- SUPPLIED ENTRIES -
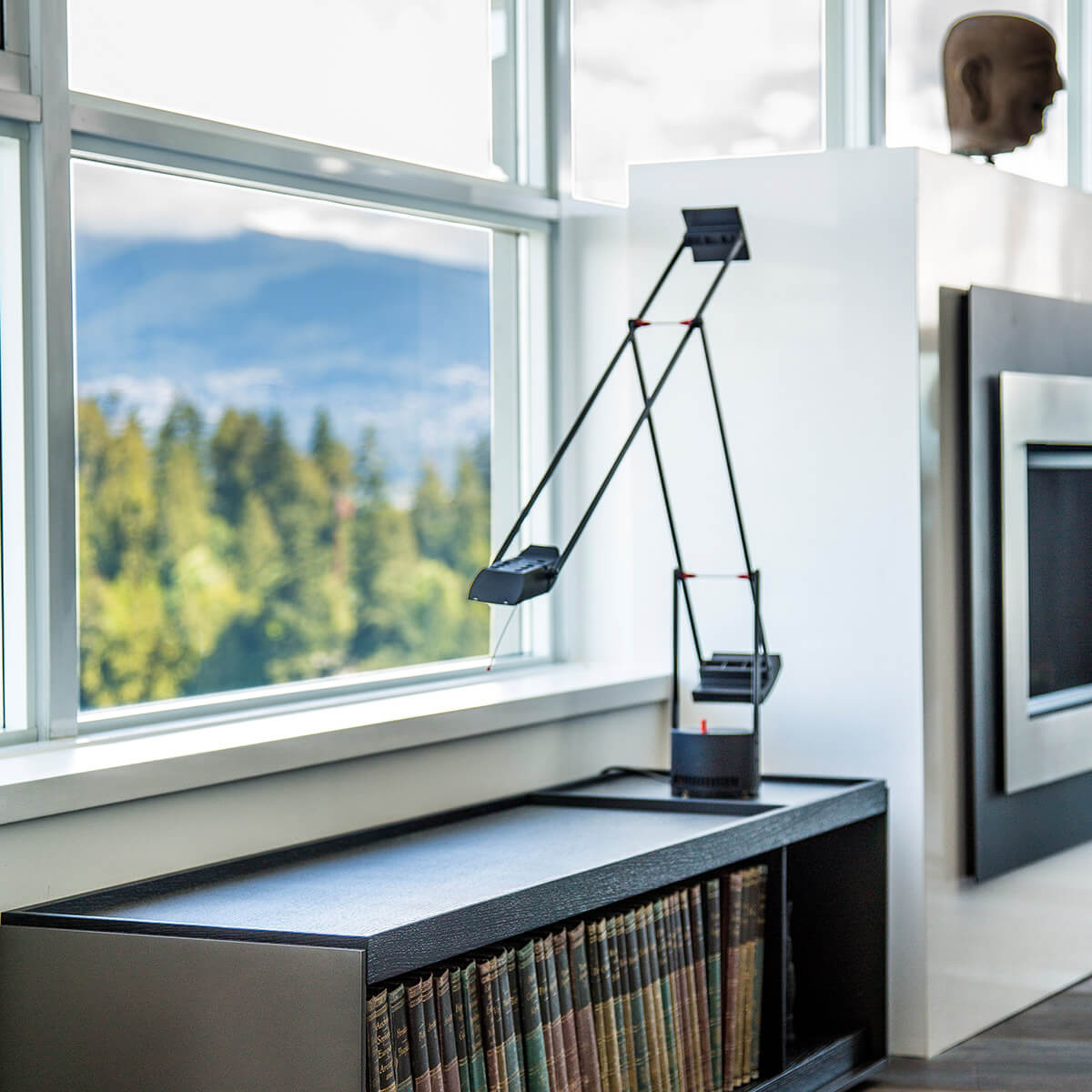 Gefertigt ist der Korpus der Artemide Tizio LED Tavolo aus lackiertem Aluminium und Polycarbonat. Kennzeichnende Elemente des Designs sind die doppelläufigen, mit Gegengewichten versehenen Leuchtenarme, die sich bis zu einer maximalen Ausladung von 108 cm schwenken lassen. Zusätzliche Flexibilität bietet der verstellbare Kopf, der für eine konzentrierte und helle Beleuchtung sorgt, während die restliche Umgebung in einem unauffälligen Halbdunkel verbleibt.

* * *

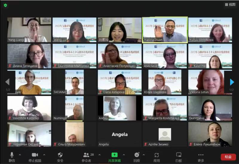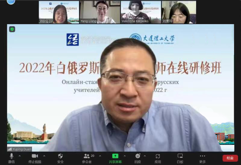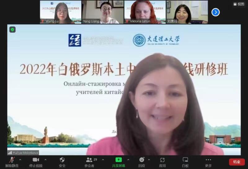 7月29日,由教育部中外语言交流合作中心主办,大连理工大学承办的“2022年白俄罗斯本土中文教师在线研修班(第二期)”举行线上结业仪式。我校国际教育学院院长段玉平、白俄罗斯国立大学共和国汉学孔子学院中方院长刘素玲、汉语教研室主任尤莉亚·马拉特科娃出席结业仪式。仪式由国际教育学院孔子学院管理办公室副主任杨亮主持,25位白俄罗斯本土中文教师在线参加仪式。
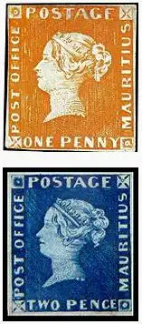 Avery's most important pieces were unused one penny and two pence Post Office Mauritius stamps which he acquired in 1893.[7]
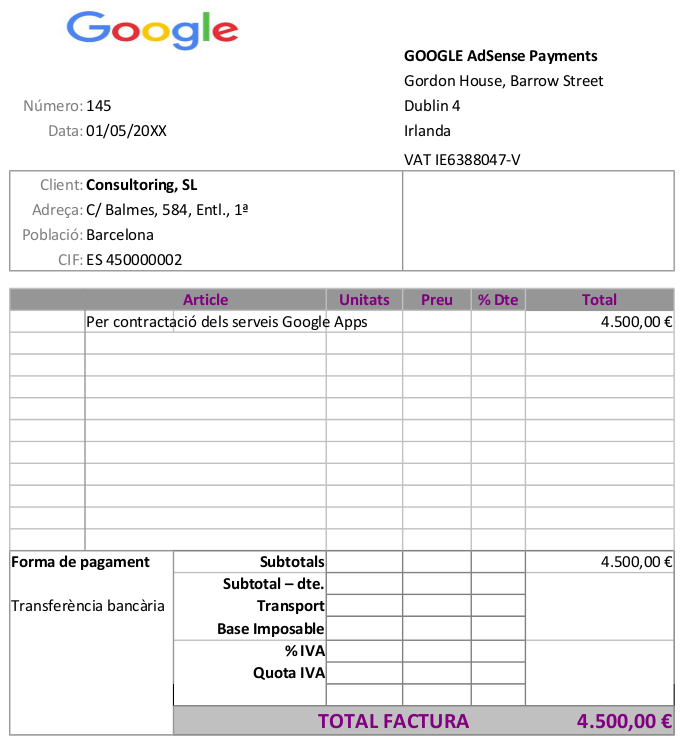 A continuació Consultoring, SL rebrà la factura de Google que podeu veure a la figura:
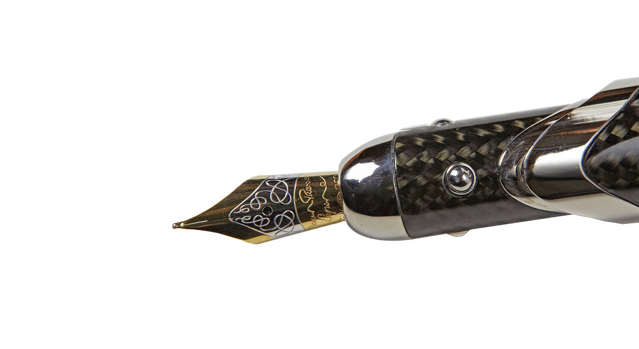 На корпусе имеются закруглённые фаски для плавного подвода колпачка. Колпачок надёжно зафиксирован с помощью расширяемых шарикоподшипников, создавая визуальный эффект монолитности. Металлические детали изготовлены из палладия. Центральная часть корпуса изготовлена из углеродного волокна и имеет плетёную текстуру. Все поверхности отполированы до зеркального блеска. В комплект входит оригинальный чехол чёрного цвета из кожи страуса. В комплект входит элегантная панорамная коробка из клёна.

- ACTIVITY -
Print from the line containing "7月29日,由教育部中外语言" through the line containing "Avery's most important" in the data above, exactly as the lines stand, and omit every picture.

- RESPONSE TO THE EXERCISE -
 7月29日,由教育部中外语言交流合作中心主办,大连理工大学承办的“2022年白俄罗斯本土中文教师在线研修班(第二期)”举行线上结业仪式。我校国际教育学院院长段玉平、白俄罗斯国立大学共和国汉学孔子学院中方院长刘素玲、汉语教研室主任尤莉亚·马拉特科娃出席结业仪式。仪式由国际教育学院孔子学院管理办公室副主任杨亮主持,25位白俄罗斯本土中文教师在线参加仪式。
 Avery's most important pieces were unused one penny and two pence Post Office Mauritius stamps which he acquired in 1893.[7]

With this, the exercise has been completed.